Il 21 febbraio 1972 l’Air Force One atterrò a Pechino. Dopo aver dato istruzioni al suo staff di aspettare a bordo dell’aereo, Nixon scese per primo le scale con la moglie Patty, che indossava un lungo cappotto rosso, un colore di grande importanza per la Repubblica Popolare Cinese, e tese la mano con entusiasmo per salutare il premier cinese comunista.

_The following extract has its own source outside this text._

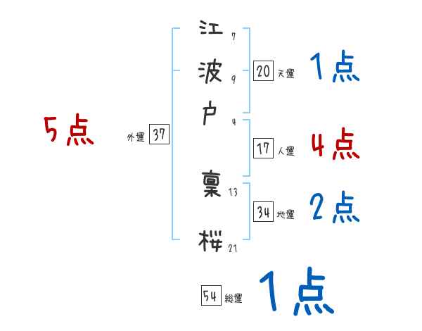外運![]() | 江波戸稟桜さんの外運は37画の5つ星!努力家で順応性に優れる。現実的な考え方ができ忠実に物事をこなす。 生活面を象徴する運勢です。外部から受ける影響力を表し、結婚運、家庭運や職場、環境への順応性を表します。 |
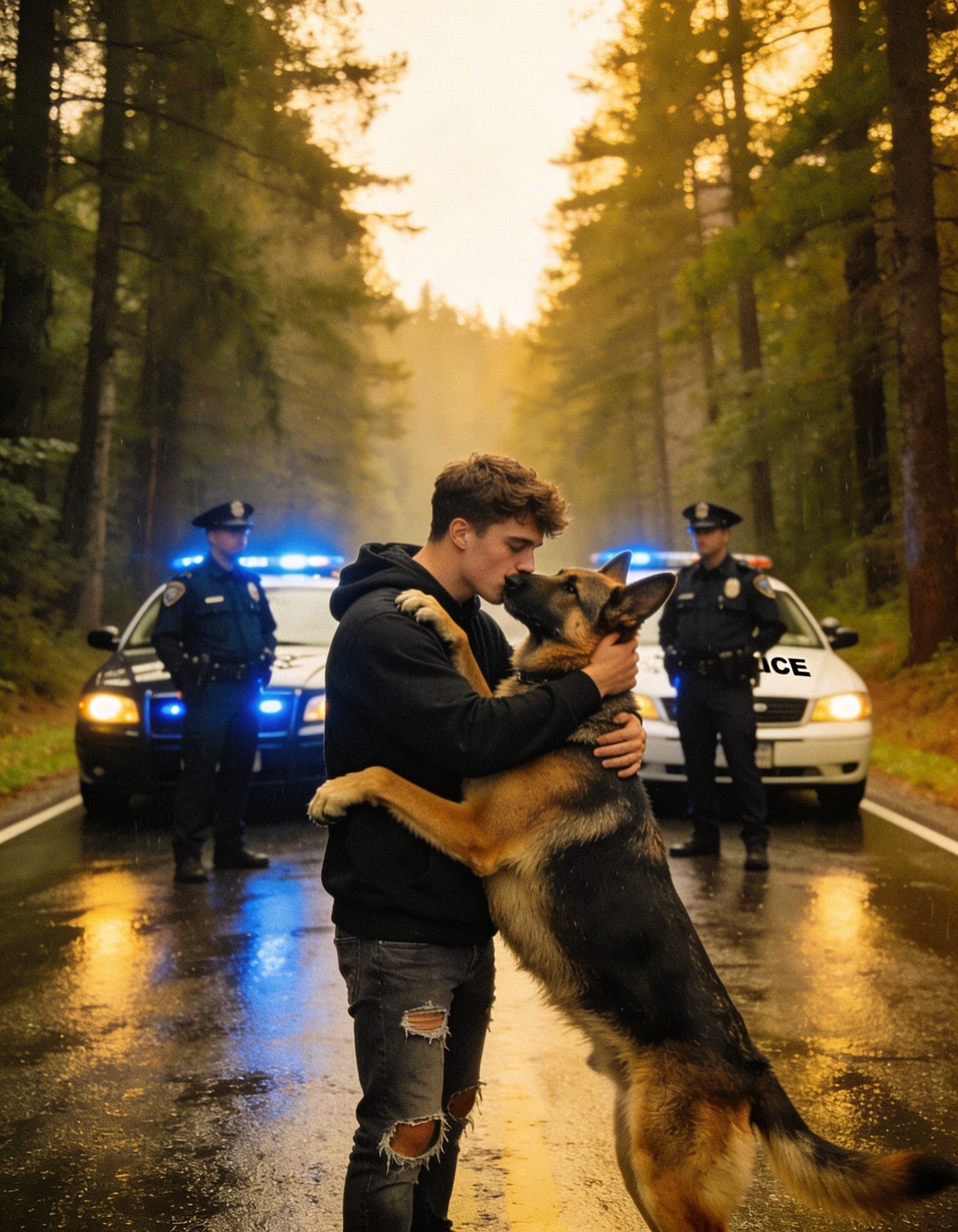 Mgła gęstniała nad asfaltem, a oddech młodego mężczyzny był urywany, jakby każdy oddech był walką. Thor się nie poruszył. Nie warknął. Nie westchnął. Po prostu stał tam, tuląc się do niego, w ciszy, która nie miała miejsca podczas policyjnej interwencji.

Gli Stati Uniti avevano letteralmente voltato le spalle a Zhou Enlai nel 1954, quindi per Nixon tendergli la mano significava dargli un chiaro segnale che i tempi erano cambiati e che l’America era pronta ad abbracciare i cinesi. Fu una scena che passò alla storia.
Subito dopo il trasferimento di Nixon in albergo, al presidente americano venne detto che Mao Zedong, l’anziano “presidente” della rivoluzione comunista, voleva incontrarlo.
Nonostante Mao fosse malato, i due chiacchierarono per un’ora, mentre le telecamere riprendevano i due leader mondiali che sorridevano e scherzavano tra di loro.
Entrambi gli uomini erano consapevoli del significato storico di ciò che stavano facendo ed entrambi erano showmen a modo loro.
I sovietici si avvicinano al tavolo delle negoziazioni
La storica visita di Nixon fu il momento più alto di una presidenza poi macchiata dallo scandalo Watergate, e dalle successive dimissioni del presidente Nixon, nel 1974.
Sebbene la visita sia stata un vantaggio per le pubbliche relazioni per entrambe le nazioni, Nixon e Kissinger non riuscirono a ottenere l’aiuto della Cina per porre fine alla guerra in Vietnam, né a compiere reali progressi sullo status di Taiwan.
Tuttavia riuscirono a raggiungere un obiettivo politico ancora più alto di quello che si era prefissato Nixon, ovvero riallineare l’equilibrio di potere sulla scena globale.
I sovietici, che in precedenza avevano rifiutato le richieste di limitare il loro arsenale nucleare, cambiarono atteggiamento quando Nixon riaprì i colloqui con la Cina.
Appena due mesi dopo il ritorno da Pechino, Nixon partì di nuovo per Mosca, dove lui e Leonid Breznev firmarono il Trattato per la Limitazione delle Armi Strategiche e fecero piani per un accordo congiunto Stati Uniti-URSS per un volo spaziale nel 1975.